House to vote on balanced budget amendment next week: Can deficit hawks make it fly?

Friday, April 6th 2018 WASHINGTON (Circa) — Next week, the Republican-led House of Representatives will vote on a balanced budget amendment, requiring the federal government to put its fiscal house in order and balance all expenses with equal savings.

The bill would impose strict limitations on Congress’ power of the purse, requiring a three-fifths supermajority in the House and Senate to increase taxes, raise the debt ceiling or spend additional cash beyond total government revenues.

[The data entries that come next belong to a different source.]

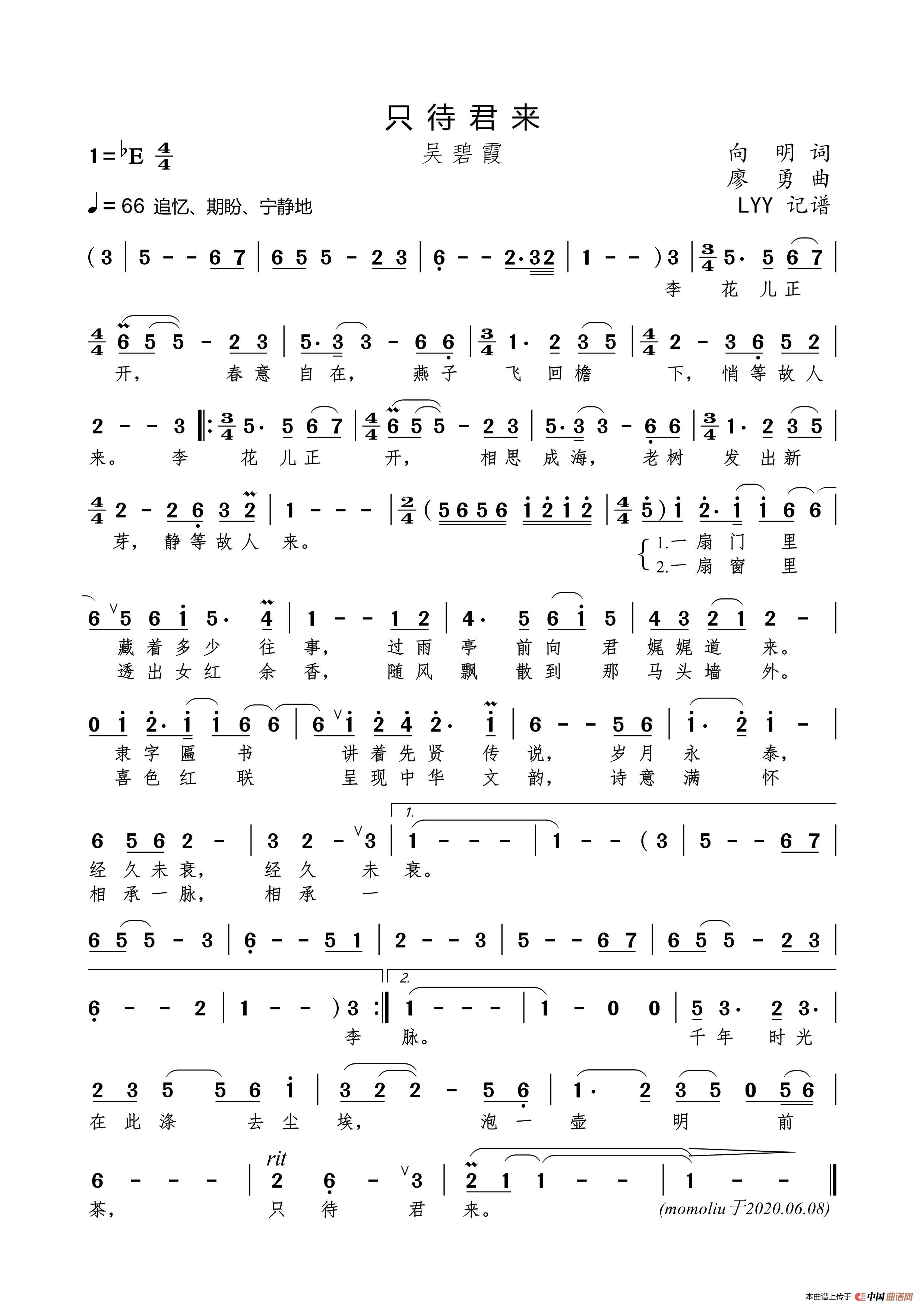 由著名曲作家廖勇作曲,词作家向明作词,歌唱家吴碧霞演唱的《只待君来》,让古老的画栋朱帘,枯藤老树,仿佛又鲜活了起来 。
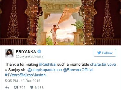 दीपिका पादुकोण आणि रणवीर सिंग ही जोडी ‘बाजीराव मस्तानी’ अगोदर ‘रामलीला’ चित्रपटात एकत्र दिसली होती. त्यांच्या या जोडीला मिळालेल्या चाहत्यांच्या असंख्य हिट्समुळे त्यांची ‘बाजीराव मस्तानी’तील जोडी अविस्मरणीय आहे. यात दीपिकाने केलेली मस्तानीची भूमिका, प्रियांकाने केलेली काशीबाईची भूमिका या भूमिका त्यांच्यासाठी आदर्श भूमिका ठरल्या. चित्रपट प्रदर्शित होऊन एक वर्ष पूर्ण झाल्याने या सर्वांनी ट्विटरच्या माध्यमातून त्यांच्या प्रतिक्रिया आणि आनंद व्यक्त केला आहे.
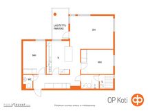 Keittiö: parketti, maali, maali. Olohuone: parketti, tapetti/maali, maali. Makuuhuone 1: laminaatti, tapetti/maali, maali. Makuuhuone 2: laminaatti, tapetti/maali, maali. Sauna: laatta, paneeli, paneeli. Kylpyhuone: laatta, laatta, paneeli. Wc: laatta, laatta, paneeli.
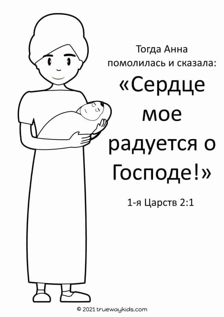 Объясните, как Анна дала обещание Богу. Она сказала Ему, что если Бог даст ей ребенка, она вернет ребенка Богу. Приведите примеры того, как мы иногда говорим что-то подобное. Например: «Если ты позволишь мне выйти поиграть, я уберу игрушки в своей комнате, когда вернусь». Но потом мы забываем или не хотим выполнять свое обещание. Анна сдержала свое обещание Богу. Поговорите о том, что мы не должны обещать то, что мы не будем делать.
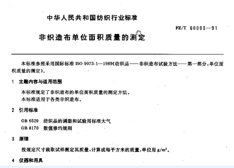 fz/t 60003-1991《非織造布單位面積質量的測定》方法
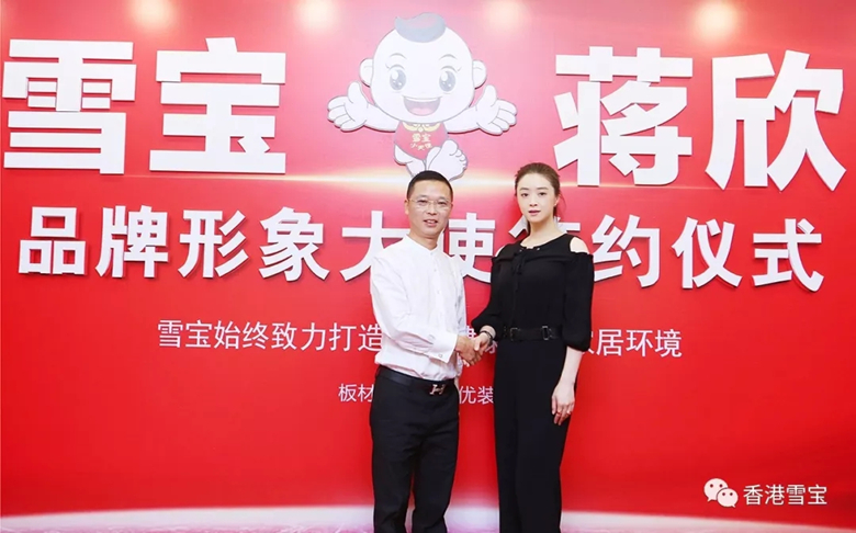 2018年5月9日,板材十大名牌雪寶特邀當紅人氣花旦蔣欣擔任品牌形象大使。湖南雪寶裝飾建材有限公司董事長李振先生出席簽約儀式,并與蔣欣正式達成簽約。

For the past decade, the bill’s sponsor, Rep. Bob Goodlatte of Virginia, has introduced a balanced budget amendment to impose fiscal discipline on Washington by amending the Constitution. Each time it was brought to a vote, it fell short and, as he lamented in a committee hearing on the subject, America continues “further down the road of chronic deficits” and “crippling debt.”

With only one Democratic co-sponsor for Goodlatte’s balanced budget amendment, it is almost certain to fall short again. Still, it is being celebrated by so-called deficit hawks in Congress, many of whom see it as a chance to show their fiscally conservative bona fides after months of a nonstop government spending spree and a tough midterm election on the horizon.

Republican Study Group chairman Rep. Mark Walker of North Carolina declared the vote a win for fiscal responsibility, saying the amendment is needed to force Congress to “make the tough decisions required” to keep government spending in check.

Democratic Minority Leader Nancy Pelosi, whose caucus is almost certain to oppose the amendment en masse, called the vote “stunt” and “an act of breathtaking hypocrisy” after passing a spending bill and tax cuts that will add trillions to the national debt.

“It is clear that GOP deficit hawks are not endangered, but extinct,” Pelosi stated.

Before leaving Washington for a two-week Easter recess, the Republican-controlled Congress approved a $1.3 trillion omnibus spending bill, avoiding what would have been the third government shutdown of 2018. The bill busted through previous government spending caps with $143 billion additional defense and domestic spending.

That spending bill followed a bipartisan compromise in February, which set a two-year budget framework that allows the spending increases to continue through 2019. It also comes on the heels of the GOP’s signature $1.5 trillion tax cuts that passed on strict party lines in December.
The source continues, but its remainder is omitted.